BLOG; ‘Ziekteverzuim en perspectief op werk’

Pas geleden ervaarde ik een deja vu toen ik de berichten las over het stijgende verzuim in een fors aantal sectoren. Eind tachtiger jaren zaten we in Nederland in een soortgelijke situatie met verzuimcijfers vaak boven de 10% en een enorme WAO instroom. We hadden toen weliswaar nog wel de publieke Ziektewet en volledig publieke WAO. We hadden ook een grote werkeloosheid, rammelende economie en een uitvoeringsinstantie die vooral werkgevers- en nemers ter wille wilde zijn om problemen met betrekking tot werkgelegenheid en inkomensderving te helpen oplossen.

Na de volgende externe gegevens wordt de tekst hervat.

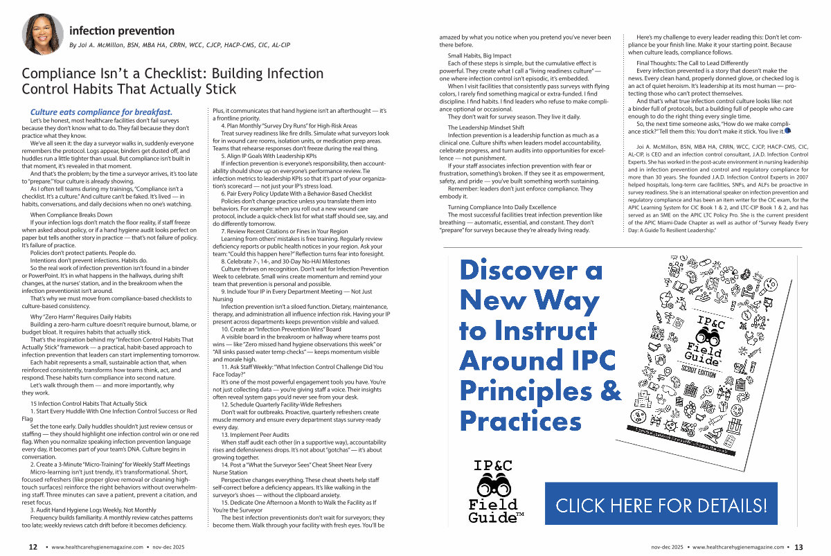 Joi A. McMillon, BSN, MBA HA, CRRN, WCC, CJCP, HACP-CMS, CIC, AL-CIP, is CEO and an infection control consultant, J. A. D. Infection Control Experts. She has worked in the post-acute environment in nursing leadership and in infection prevention and control and regulatory compliance for more than 30 years. She founded J. A. D. Infection Control Experts in 2007 helped hospitals, long-term care facilities, SNFs, and ALFs be proactive in survey readiness. She is an international speaker on infection prevention and regulatory compliance and has been an item writer for the CIC exam, for the APIC Learning System for CIC Book 1 & 2, and LTC-CIP Book 1 & 2, and has served as an SME on the APIC LTC Policy Pro. She is the current president of the APIC Miami-Dade Chapter as well as author of“ Survey Ready Every Day: A Guide To Resilient Leadership.” nov-dec 2025 • www. healthcarehygienemagazine. com •
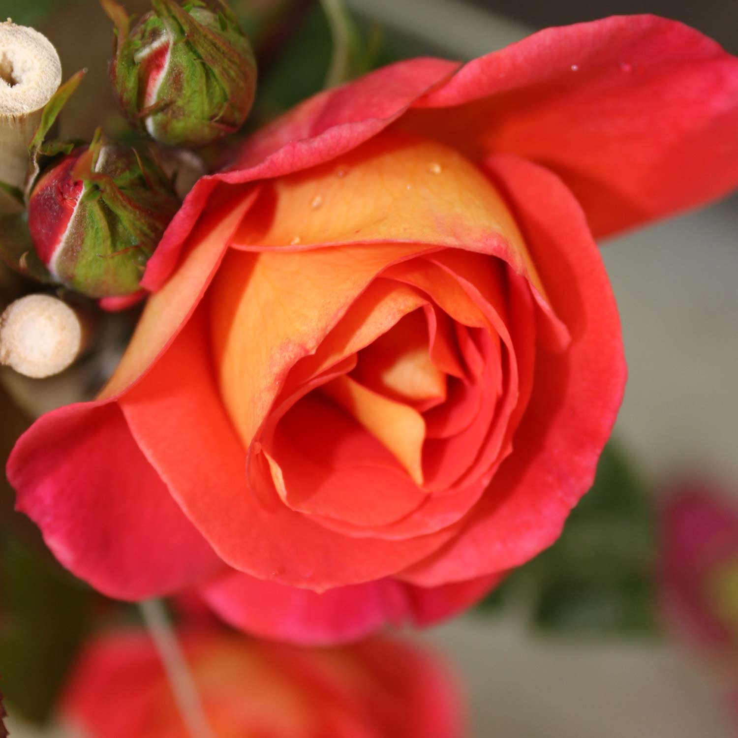 Die Blüten dieser schönen Beetrose sind einmalig in ihrem Farbverlauf von orangegelb bis orangerot. Durch die warme Blütenfarbe ergibt sich ein unwahrscheinlich freundliches und sommerliches Bild.

Dit lijkt op het eerste gezicht niet zoveel te verschillen met de situatie van nu. Met dien verstande dat sociale partners thans geen directe invloed hebben op de uitvoering door UWV.

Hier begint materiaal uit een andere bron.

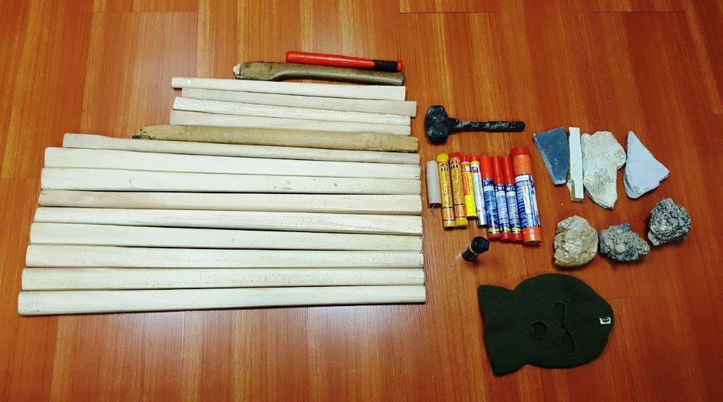 Κατά τη διάρκεια των ελέγχων βρέθηκαν -επιμελώς κρυμμένα- σε ένα από τα λεωφορεία: Δεκαέξι ξύλινα στειλιάρια, 8 φωτοβολίδες, 1 κροτίδα, 1 σπρέι πιπεριού, 1 σφυρί, 1 κουκούλα, καθώς και μάρμαρα και πέτρες.
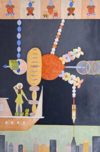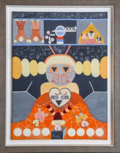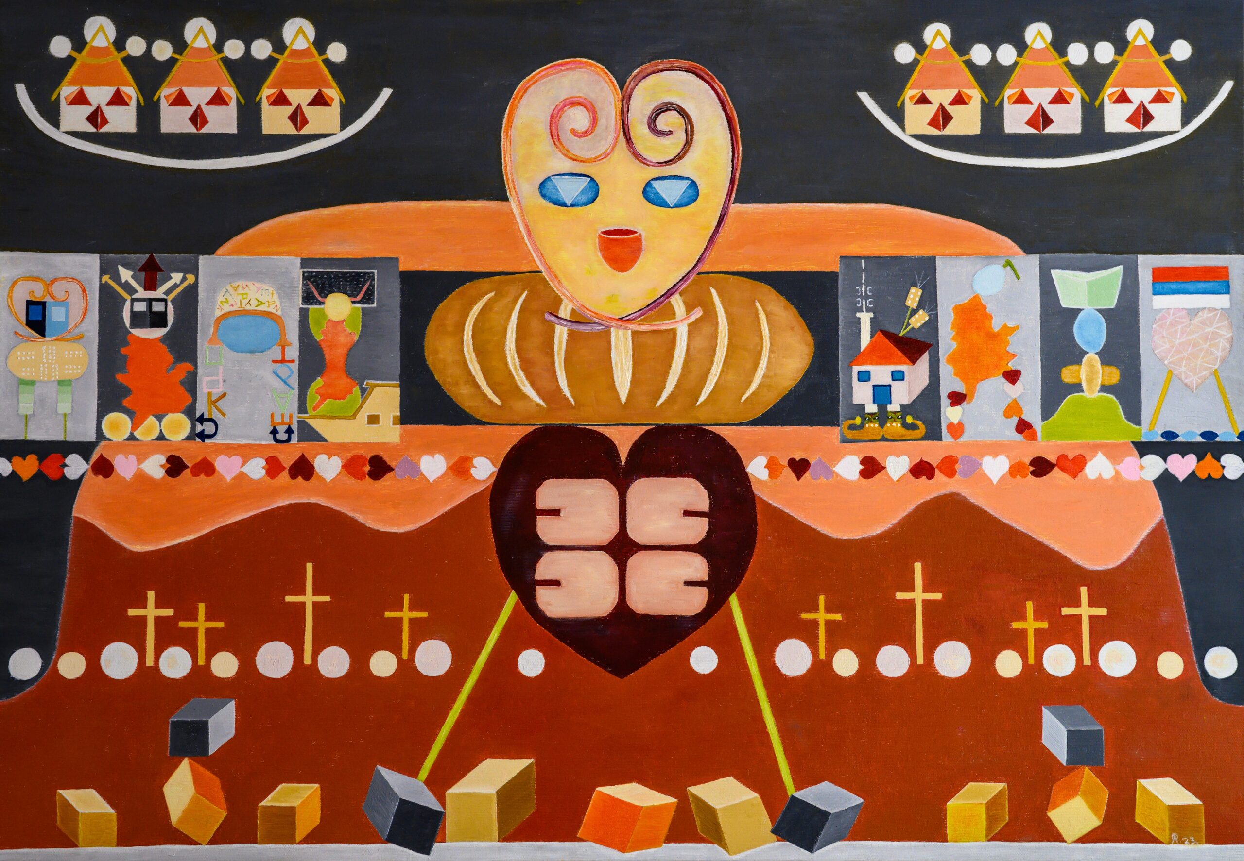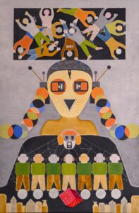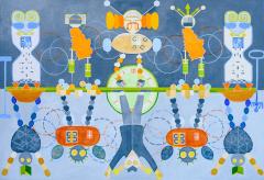 Други уметник, који нема везе са Ваљевом али нам је у мислима када видимо изложене слике, је Лазар Вујаклија који пуну стваралачку зрелост достиже када открива чари средњовековних стећака и кад надахнут њиховом иконографијом успоставља систем сопствених симбола, знакова и значења, односно постиже меру лаке препознатљивости стваралачког поступка. Захваљујући тим одликама Вујаклија се сврстао у ред најбољих сликара, модерних традиционалниста друге половине 20.века.[1] Лазаревићеву уметност можемо директно да надовежемо на Вујаклијину јер он прави своју савремену симболику. Његове фигуре су деперсонализоване, сведене на знак, готово на пиктограм. Ликовни елементи у његовим сликама су постали идеограми његове уметности. Уобичајено је да је централни лик на сликама робот или хибрид који делује као хладна алегорија моћи. Он не командује гестом већ структуром: мрежама, низовима, ритмом понављања. Све нас упућује на то да је савремени свет завистан од технологије, фигуре су као уметникови савременици алгоритамски повезани, технологија у различитим облицима нам ствара привид блискости која је дигитална а не стварна. Приказ робота је синоним за колективну свест и свет у којем се контрола не спроводи насиљем већ обрасцем. Са друге стране имамо слике које су засноване на стилизованом ликовном језику који црпи снагу из народне уметности и колективног памћења. Анонимне фигуре, сведене и ритмично понављане, постају носиоци општих, трајних вредности заједнице. Срца (лицидерска понекад) симболизују љубав, обредност и духовну размену а хлеб представља архетип живота, рада и гостољубивости. Њихово заједничко присуство на неким сликама наглашава склад материјалног и духовног, као суштину традиционалног света.

En zoals we vorige week in Trouw hebben kunnen lezen, geloven zelfs de grote arbodiensten niet meer dat bedrijfsartsen het verschil maken en dat verzuim en ziekte identieke begrippen zijn (Veel werkverzuim heeft geen medische oorzaak). Maar als we daar echt iets aan willen doen, dan moeten we toch ook nog eens goed kijken naar de regelgeving die medicalisering en juridificering in de hand werkt; om te beginnen bij de Wet verbetering poortwachter. (zie ook mijn vorige blog ‘Van zero loonsancties naar zero verzuim?’)

Ook al lijkt er nu weer sprake van een systeem crisis, toch aarzelt het huidige kabinet op dit moment een fundamentele discussie te voeren. De minister schuift e.a. door aan de commissie OCTAS, waarvan een eerste rapportage wordt verwacht in Q1 2024. Waarschijnlijk studeren zij hier nog een paar jaar langer op, gezien de verwachte duur van deze kabinetsperiode. Maar die tijd hebben we eigenlijk niet als we willen voorkomen dat de zaak volledig vastloopt en verzuim de enige uitweg is die mensen denken te kunnen kiezen om zich te beschermen tegen de omstandigheden waar ze denken geen invloed meer op te hebben.

Tegenwoordig noemen we dat een gebrek aan self efficacy. Eerst was deze term verbonden aan mensen met een afstand tot de arbeidsmarkt. Tegenwoordig lijkt die groep veel groter te zijn geworden, waarbij zij in eerste plaats een afstand tot hun eigen arbeid i.p.v. de arbeidsmarkt hebben. Onvrede over onder andere ervaren werkdruk of organisatie van het werk lijkt de onderstroom te zijn die al langer in veel sectoren aanwezig was. Daarbij komt dat voor mensen onder aan het loongebouw, met een uitkering en toeslagen, meer werken vaak onvoldoende financieel voordeel oplevert.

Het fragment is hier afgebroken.